Human Kruppel-related 3 (HKR3) is a zinc finger gene that maps within chromosome subbands 1p36.2-.3, a region postulated to contain a tumour suppressor gene associated with advanced neuroblastomas. Genomic clones of HKR3 were isolated from a P1 library and physically mapped to within 40 kb of D1S214 at 1p36.3. The gene is ubiquitously expressed in human tissues, but esecially high levels are present in human fetal and adult nervous tissues.

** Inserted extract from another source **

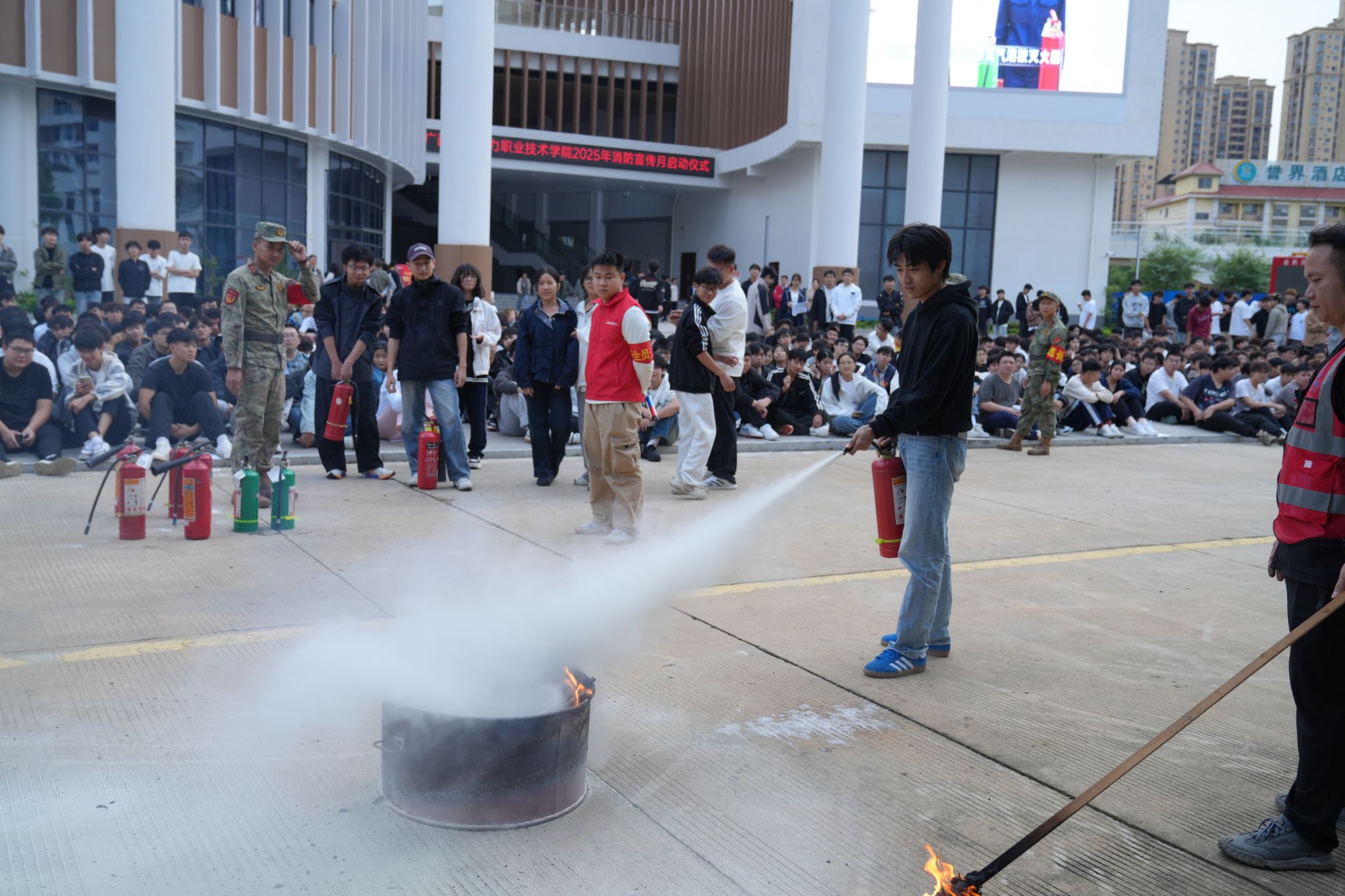 学校各相关部门及二级学院负责人、广西-东盟经济开发区消防救援大队工作人员以及6000余名师生参加活动。(彭婕英/文 黄丹虹/图)

Hemizygous deletion of HKR3 in a lymphoblastoid cell line derived from a neuroblastoma patient with a constitutional 1p36 interstitial deletion and in the neuroblastoma cell line SK-N-AS, which also has a small interstitial 1p36 deletion, has been observed. Allelic loss at D1S214 in 15115 informative primary neuroblastoma specimens with 1p36 deletions has also been observed. In a panel of 16 neuroblastoma cell lines, no gross genomic DNA rearrangements were noted, the gene was always expressed (albeit at variable levels) and there was no evidence for truncating mutations. Furthermore, there were no mutations detected in the zinc finger coding region in four neuroblastoma cell fines with 1p deletions analysed by direct sequence analysis. We conclude that HKR3 is a novel zinc finger gene that maps to a region of the genome commonly rearranged or deleted in neuroblastoma and other human cancers.